» **Problem description**
Pictures aside, write every record out again word for word.

» **Information**
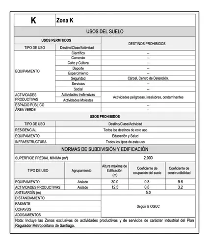 Terreno Industrial en Venta, en zona urbana de Pudahuel. Colindante con autopista Vespucio Norte; 2.000 metros a autopista Costanera Norte; 200 metros a Ruta 68, Camino a Valparaíso, y 4.000 metros al Aeropuerto AMB. Topografía variable con leve inclinación hacia autopista Vespucio Norte. Urbanización de la zona para alternativas, se encuentra urbanizado con los Servicios de Energía Eléctrica, Agua Potable, Aguas Servidas, Alumbrado Público y Aguas Lluvias. Cada cliente solicita su conexión a cada uno de los servicios, conforme a los requerimientos específicos de su proyecto. Servicios Básicos: Urbanización de la zona para alternativas, se encuentra urbanizado con los Servicios de Energía Eléctrica, Agua Potable, Aguas Servidas, Alumbrado Público y Aguas Lluvias. Cada cliente solicita su conexión a cada uno de los servicios, conforme a los requerimientos específicos de su proyecto. Vecindad consolidada: En la vecindad de Alt. 1 se encuentran bodegas y centros de distribución; terminales de buses; PRT clase A, oficinas. En la vecindad de Alt. 2 y 3 se encuentra Bodegas con oficinas, áreas de estacionamientos y AMB. Standar de Urbanización: El estándar de la Urbanización para todas las alternativas es de calles con perfil de 20 mt. compuesto por 10,5 mt de calzada y 2 veredas de 4,75 mt cada una, la calles son en asfalto. Normativa Urbana: El terreno de Alt. 1 se emplaza en la Zona K de la zonificación del Plan Regulador Comunal de Pudahuel, cuyos usos de suelo permitidos son actividades productivas, inofensivas y molestas, además de equipamiento, con normas urbanísticas de acuerdo cuadro adjunto.
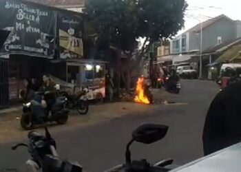 Cianjur - Sebuah motor jenis Kawasaki Ninja ZX 250 terbakar di sekitar Patung Silat di Desa Kademangan, Kecamatan Mande, Senin,(29/01/24)....
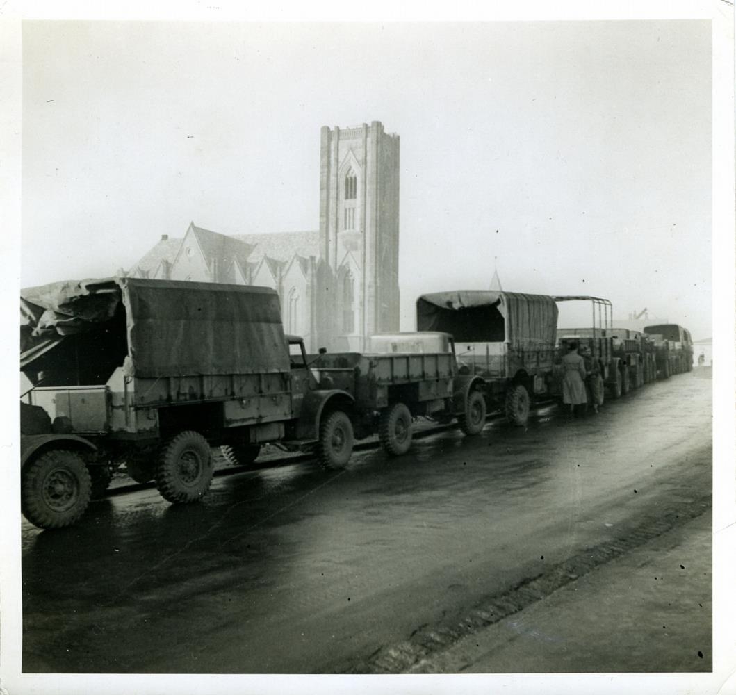 Breskir herbílar í röð á öfugum vegarhelmingi í Túngötu, í baksýn er Landakotskirkja. Á bakhlið er skrifað: Herflutningabílar á Túngötu. 38. mynd. Stimpill ljósmyndara: Svavar Hjaltested Reykjavík.
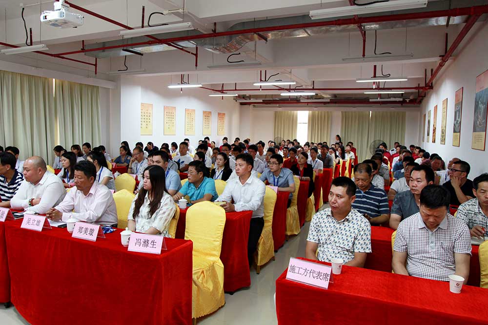 2015年10月27日,2015首屆(廣州)國際高端滋補品交易會動員大會隆重召開,大會旨在動員集團上下進一步提高認識,高標準做好籌備工作,在最后30天的沖刺階段,努力把本屆交易會辦成更高水平、更高層次和更具影響力的國際盛會。大壯集團副董事長鄭宏銳先生、常務副總經理梁耀明先生、副總經理藍澤敏先生、工程部總監趙寧輝先生、施工方代表及集團全體員工出席本次大會。
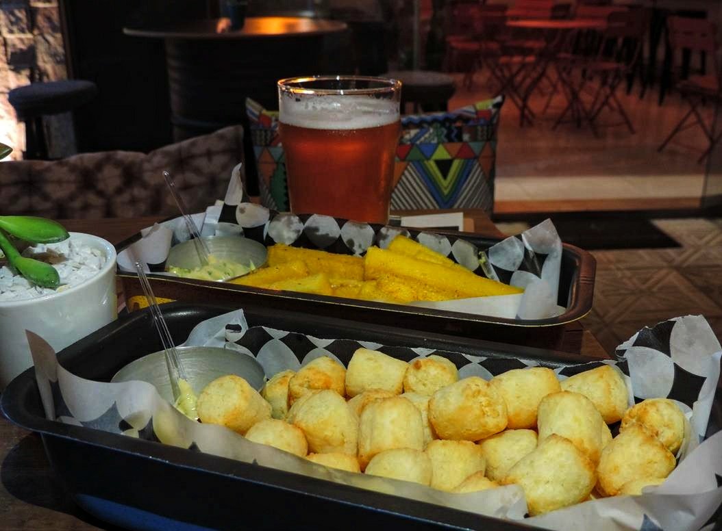Provamos as porções de polenta frita e bolinho de aipim acompanhadas de cerveja artesanal e pedimos os lanches!

» **Result**
 Terreno Industrial en Venta, en zona urbana de Pudahuel. Colindante con autopista Vespucio Norte; 2.000 metros a autopista Costanera Norte; 200 metros a Ruta 68, Camino a Valparaíso, y 4.000 metros al Aeropuerto AMB. Topografía variable con leve inclinación hacia autopista Vespucio Norte. Urbanización de la zona para alternativas, se encuentra urbanizado con los Servicios de Energía Eléctrica, Agua Potable, Aguas Servidas, Alumbrado Público y Aguas Lluvias. Cada cliente solicita su conexión a cada uno de los servicios, conforme a los requerimientos específicos de su proyecto. Servicios Básicos: Urbanización de la zona para alternativas, se encuentra urbanizado con los Servicios de Energía Eléctrica, Agua Potable, Aguas Servidas, Alumbrado Público y Aguas Lluvias. Cada cliente solicita su conexión a cada uno de los servicios, conforme a los requerimientos específicos de su proyecto. Vecindad consolidada: En la vecindad de Alt. 1 se encuentran bodegas y centros de distribución; terminales de buses; PRT clase A, oficinas. En la vecindad de Alt. 2 y 3 se encuentra Bodegas con oficinas, áreas de estacionamientos y AMB. Standar de Urbanización: El estándar de la Urbanización para todas las alternativas es de calles con perfil de 20 mt. compuesto por 10,5 mt de calzada y 2 veredas de 4,75 mt cada una, la calles son en asfalto. Normativa Urbana: El terreno de Alt. 1 se emplaza en la Zona K de la zonificación del Plan Regulador Comunal de Pudahuel, cuyos usos de suelo permitidos son actividades productivas, inofensivas y molestas, además de equipamiento, con normas urbanísticas de acuerdo cuadro adjunto.
 Cianjur - Sebuah motor jenis Kawasaki Ninja ZX 250 terbakar di sekitar Patung Silat di Desa Kademangan, Kecamatan Mande, Senin,(29/01/24)....
 Breskir herbílar í röð á öfugum vegarhelmingi í Túngötu, í baksýn er Landakotskirkja. Á bakhlið er skrifað: Herflutningabílar á Túngötu. 38. mynd. Stimpill ljósmyndara: Svavar Hjaltested Reykjavík.
 2015年10月27日,2015首屆(廣州)國際高端滋補品交易會動員大會隆重召開,大會旨在動員集團上下進一步提高認識,高標準做好籌備工作,在最后30天的沖刺階段,努力把本屆交易會辦成更高水平、更高層次和更具影響力的國際盛會。大壯集團副董事長鄭宏銳先生、常務副總經理梁耀明先生、副總經理藍澤敏先生、工程部總監趙寧輝先生、施工方代表及集團全體員工出席本次大會。
Provamos as porções de polenta frita e bolinho de aipim acompanhadas de cerveja artesanal e pedimos os lanches!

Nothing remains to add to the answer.